How digging through the deluge of social media data could lead to safer cities

Mon, 2013-06-10 15:48 -- Liz Enbysk

We talk a lot about the smart devices – sensors, monitors and meters, for instance – that are the eyes and ears of a smart city, alerting system operators when something looks awry so they can take corrective action. One example is sensors on roadways that alert transit operators of accidents or congestion in time to reroute buses.

Now a data scientist at the U.S. Department of Energy's Pacific Northwest National Laboratory (PNNL) – a Smart Cities Council Advisor – is doing intriguing research on "human sensors" as another type of early warning system for cities.


PNNL data scientist Court Corley has created a social media analysis tool capable of analyzing billions of tweets and other social media messages in just seconds, according to an article on the PNNL website. The idea is to discover patterns and make sense of the data – and ultimately – surface useful information that can enhance public safety and health

The article cites several potential payoffs, for instance emergency responders receiving crucial early information about natural disasters such as tornadoes, or information about social unrest that could help nations protect their citizens.

Public health is another area where Corley sees promise.

"If you want to understand the concerns of parents about vaccines, you're never going to have the time to go out there and read hundreds of thousands, perhaps millions of tweets about those questions or concerns," he explained. "By creating a system that can capture trends in just a few minutes, and observe shifts in opinion minute to minute, you can stay in front of the issue, for instance, by letting physicians in certain areas know how to customize the educational materials they provide to parents of young children."

"The task we all face is separating out the trivia, the useless information we all are blasted with every day, from the really good stuff that helps us live better lives," Corley says. "There's a lot of noise, but there's some very valuable information too."

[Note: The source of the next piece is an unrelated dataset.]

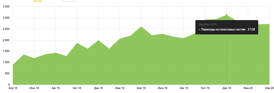 Для раздела "Решения" было создано более 50 уникальных текстов. В результате на октябрь 2019 г. была достигнута плановая верхняя граница - 3000 уникальных заходов из поисковых систем.

How much noise? The figures are boggling to say the least. The article points to an average of 30 million comments and 98,000 new tweets an hour. last year. And those don't begin to take into account the full realm of social media. But Corley has access to PNNL's computing cluster and one of the 500 fastest supercomputers in the world, which is why his tool can analyze so many messages so fast.

The work by Corley and his colleagues was named best paper given at the IEEE conference on Intelligence and Security Informatics held recently in Seattle.